3 Replies Latest reply on Aug 23, 2013 4:11 AM by gopal_hc

    issue with -g flag compiler option of clBuildProgram




      To debug my OpenCL kernel,

      I used "Debugging CPU Kernels with GDB" method as explained in OpenCL Programming Guide book by making two changes in the program

      1.  CL_DEVICE_TYPE_GPU to CL_DEVICE_TYPE_CPU to ensure that program is executed on CPU.

      2.  compiled the kernel by setting compiler option parameter of clBuildProgram() as option="-g -O0".


      Debugging went successfully on CPU and i got correct result as well.

      After changing the device type from CPU to GPU, my result was still correct.

      But when i changed the compiler option=NULL and device type was even GPU, I got wrong result for fewer inputs. Again when I set the compiler option="-g -O0" and device type was GPU, i got the correct result for all the input.


      So I want to know,

      1.  what actually happens when OpenCL kernels are built with -g option?

      2.  Why I am getting wrong results for fewer inputs when i remove -g option from clBuildProgram?


      Thanks !!

        • Re: issue with -g flag compiler option of clBuildProgram

          Can you attach your kernel here?

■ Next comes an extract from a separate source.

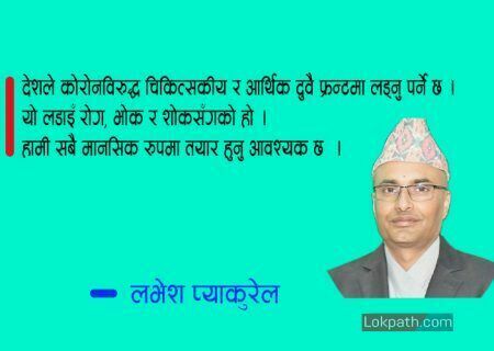 लभेश प्याकुरेल काठमाडौं । नेपाल सरकार र नेपाली जनता आज कोरोनभाइरस (कोभिड–१९) विरुद्धको ‘युद्ध’मा होमिएका

          Also give details about GPU, Catalyst Driver, APP SDK version, OS, bitness.

            • Re: issue with -g flag compiler option of clBuildProgram

              the size of kernel code is very big so I would try to demonstrate it with a simple example such as given below:


              void d_memcpy1(uchar *dst, __global uchar *src, uint len)

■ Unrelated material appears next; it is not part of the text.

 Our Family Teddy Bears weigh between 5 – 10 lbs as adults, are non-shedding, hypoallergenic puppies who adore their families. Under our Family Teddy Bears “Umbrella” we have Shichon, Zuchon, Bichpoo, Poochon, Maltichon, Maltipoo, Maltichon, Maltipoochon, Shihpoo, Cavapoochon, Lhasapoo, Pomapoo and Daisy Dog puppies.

                      int i = 0;

                      for(i = 0; i < len; i++)

                        dst[i] = src[i];  


              void d_memcpy2(__global uchar *dst, uchar *src, uint len)


                      int i;

                      for(i = 0; i < len; i++)

                        dst[i] = src[i];  



              __kernel void demoKernel(__global uchar *d_io_2d,

                                                                         __constant uint *d_common_input,

                                                                                int d_maxSize)


                    long index = get_global_id(0);

                    if(i >= d_maxSize)


                   uchar msg0[16], msg1[16];

                   //reading 32-byte data from global memory

                   d_memcpy1(msg0, &d_io_2d[(index*16)*2], 16], 16);   //reading first 16-byte consecutive data

                   d_memcpy1(msg1, &d_io_2d[((index*16)*2) + 16], 16);  //reading next 16-byte consecutive data


                   //doing some stuff on these 32-byte data


                   //writing back 32-byte data to same global memory

                   d_memcpy2(&d_io_2d[(index*16)*2], 16], msg0, 16);   //writing first 16-byte consecutive data

                   d_memcpy2(&d_io_2d[((index*16)*2) + 16], msg1, 16);  //writing next16-byte consecutive data



              and I am using machine with the following detail,

              GPU : Tahiti,

              Catalyst Driver : 9.0.2

              APP SDK version : OpenCL 1.2

              OS : Ubuntu

              bitness: 64-bit


              I hope this program would be helpful.

              For the first 16bytes my result was wrong, but for the next 16bytes result was correct when i changed compiler option="-g -O0" to option=NULL. Again when i set compiler option="-g -O0", i got correct result for both (first and next 16bytes) data.


              Note: In Nvidia Tesla K20m card, the same program is working correctly.